There is a new InTrade.com contract, this one on whether oil futures and the Democratic President contract move in the same direction on Election Day. Right now it's running at about 50 percent, which means an Obama victory won't on average bring a higher price of energy. Mark Thoma directs us to this interesting article on the bursting of the Green bubble, most of all among the Democrats.
Posted by Tyler Cowen on September 30, 2008 at 02:23 PM in Political Science | Permalink
Comments
I just got half way through An Inconvenient Truth and had to stop because my 1 year old was clapping. Now, of course, he was clapping because the throngs were cheering Al and he always claps when others clap (I wonder if this is the same reason for many in the throng).
I was disappointed if you can call it that.
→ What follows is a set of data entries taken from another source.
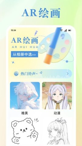 AR绘画是一款专为绘画爱好者设计的创作平台,汇聚了多种趣味绘画模式,让用户在创作过程中尽情发挥想象力。在线创建空白画板,随意选择专业绘画工具,调节画笔的颜色与粗细,轻松绘制出自己心目中的漫画作品。更有丰富的热门铃声供用户选择,一键设置个性化手机铃声,让每次来电都充满创意与个性。
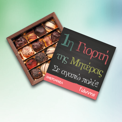 Το μοναδικό Προσωποποιημένο Κουτί Σοκολατάκια 1η Γιορτή της Μητέρας είναι το προσωποποιημένο δώρο που φτιάχνεται χειροποίητα αποκλειστικά για την δική σας Μαμά, είναι το δώρο έξω από τα συνηθισμένα που μπορεί να προσφέρει ο ο γιός, η κόρη ή ο Σύζυγος στην Μαμά.
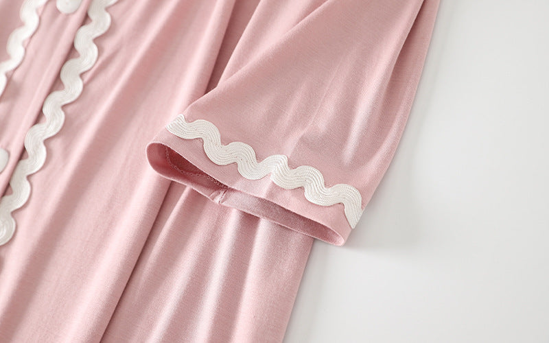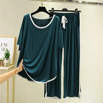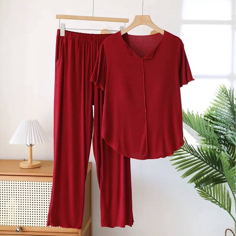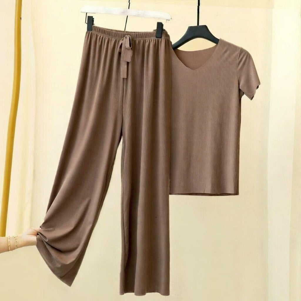 Women's Soft Modal V-Neck Short Sleeve Loungewear Set – Comfortable Pajama Top & Bottom
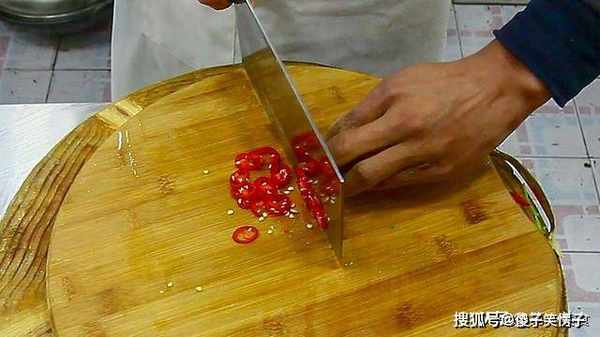 红尖椒一个,切成比较细的辣椒圈,装入调菜盆中。
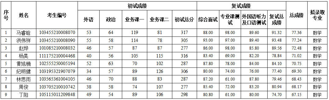经考生初试、复试等各个环节,公司招生工作领导小组确认,现对拟录取的考生进行公示(详见下表),公示时间为2025年4月10日至4月16日(7天),如有疑义,请以书面的形式反映,反映问题要实事求是,署本人真实姓名。
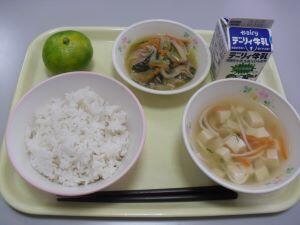 11月1日の給食は、麦ご飯、ワンタンスープ、厚揚げの甘辛煮、牛乳です。
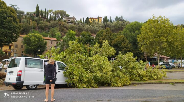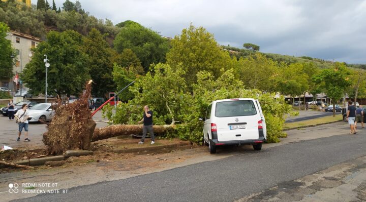 La bomba d’acqua ha creato allarme per la violenza del vento e della pioggia, tanto che nei video girati dai cittadini e pubblicati sui social, dove si vedono fiumi di fango, rami pericolanti e alberi schiantati.

The first half anyway struck me as more of a "don't you wish Al Gore was elected" stroking than a serious documentary. I might even care about a history of the environmental movement, but I don't care to hear about Al Gore's movement.
Posted by: Andrew at Sep 30, 2008 2:52:48 PM
Um, how do I say this Tyler? NO NO NO NO NO. Please go to this required reading for anyone interested in that contract.
Short summary: back when Peter McCluskey proposed that contract, I pointed out that it won't extract much information. Only a little uncertainty is resolved on election day, and several other factors influence that financial security's price change on that day. Plus, it's possible for people to manipulate financial market prices by *just* enough to influence the contract, like that guy who was the first to get $100 oil.
The upshot is, the correlation of those two variables (Obama's chances and oil futures) on election day is effectively random. It does not reveal any information about Obama's impact on energy prices. After I so reasoned, intrade proved me right, and the contract is trading as if it were a bet on a coin toss. This caught Peter McCluskey by surprise, not me.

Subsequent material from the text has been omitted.